To install the necessary dependencies, you can use the provided `requirements.txt` file:

```bash
pip install -r requirements.txt
```

## Environment Setup
This tool relies on environment variables to connect to Google Cloud services. Ensure that you have a .env file in the root directory with the following contents:
```env
GOOGLE_APPLICATION_CREDENTIALS=path/to/your/credentials.json
```
Replace `path/to/your/credentials.json` with the actual path to your Google Cloud credentials file.

## Usage
### Initialization
```python
from minipath import MiniPath
minipath = MiniPath(csv='path/to/csv_file.csv', subset=True)
```
#### Required Parameter
- **`csv`**: Path to a CSV file containing metadata and GCS URLs for high-magnification DICOM images. Requires the 
  following columns:
  - **gcs_url**: path to local ('path/to/file') or remote ('gs://') DICOM file or DICOMweb address ('https://')
  - **SeriesInstanceUID**: Necessary to link together different resolutions of DICOM images
  - **row_num_asc**: should have a 1 in this column if referring to the low magnification DICOM
  - **row_num_desc**: should have a 1 in this column if referring to the high magnification DICOM
  
#### Optional Parameters
- **`subset: bool = True`**: 
  - Boolean flag to decide if only a subset of diverse patches should be used. Defaults to True. If you 
  set it to false, all patches will be extracted.

- **`explained_variance: float = 0.8`**
  - Threshold for cumulative explained variance in Principal Component Analysis (PCA).
  - Determines how many principal components are kept based on the amount of variance they explain. A value of 0.8 means the components should explain at least 80% of the variance in the data.

- **`img_size: int = 256`**
  - The size to which the low-resolution image is resized for patch extraction.
  - This option affects the resolution of the image before breaking it down into patches.

- **`patch_size: int = 8`**
  - The size of each patch to be extracted from the resized image.
  - This option controls the granularity of the patches, where smaller sizes yield more patches per image.

- **`min_k: int = 8`**
  - The minimum number of clusters to be used in KMeans clustering.
  - Ensures that at least a certain number of clusters are considered when determining the diversity of patches.
    
- **`max_k: int = 50`**
  - The maximum number of clusters to be tested during KMeans clustering.
  - This option controls how many potential clusters will be used when identifying diverse patches.

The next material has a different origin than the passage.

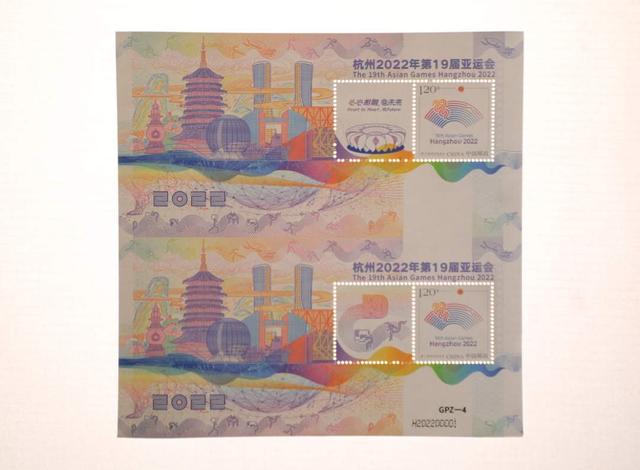 據(jù)了解,《杭州2022年第19屆亞運會》特殊版式個性化郵票雙連張是中國集郵有限公司匠心打造的首款GPZ編號體育題材郵票,由青年設(shè)計師趙郁竹擔(dān)綱設(shè)計,限量發(fā)行。它依托杭州亞運會色彩系統(tǒng)和視覺形象元素,融歷史文化、現(xiàn)代美學(xué)和未來暢想于一體,集藝術(shù)感、科技感和運動感于一身,展現(xiàn)中華文明、浙江風(fēng)采、杭州韻味和時代魅力,采用特殊版式、編號和工藝,紫光燈下局部呈現(xiàn)無色熒光油墨圖案和全真彩效果,傳遞中國郵政對杭州亞運的美好祝福。(圖片由人民日報客戶端提供)

- **`km_init: str = 'k-means++'`**
  - The initialization method used for KMeans clustering.
  - The default value `'k-means++'` ensures better initialization for faster convergence and more reliable clustering results.

- **`km_max_iter: int = 300`**
  - Maximum number of iterations allowed for the KMeans algorithm.
  - This setting ensures that KMeans stops after 300 iterations even if it hasn't converged to an optimal solution, preventing excessive computation.

- **`km_n_init: int = 10`**
  - The number of times the KMeans algorithm will be run with different centroid seeds.
  - KMeans clustering is run multiple times with different initializations, and the best result (in terms of inertia) is kept. A higher value increases reliability at the cost of more computation.


### Get Representative Patches
```python
minipath.get_representatives(full_url='https://path.to.dicom.web/resource')
```
- **`full_url`**: The URL pointing to the low-magnification DICOM image.
This method extracts image patches from the provided DICOM file, computes entropy for each patch, applies PCA, and 
  clusters the patches to select the most representative ones.


### Extract High-Resolution Frames
```python
high_res_frames = minipath.get_high_res()
```
- `high_res_patches` will be an array of dictionaries with the following keys:
  * 'row_min': Pixel coordinate of first row
  * 'row_max': Pixel coordinate of last row
  * 'col_min': Pixel coordinate of first col
  * 'col_max': Pixel coordinate of last col
  * 'frame':   The dicom frame that represents this coordinate set
  * 'img_array': a numpy array of the image values

This method extracts high-resolution frames corresponding to the representative patches identified at low magnification.
You can loop through this array for running a model.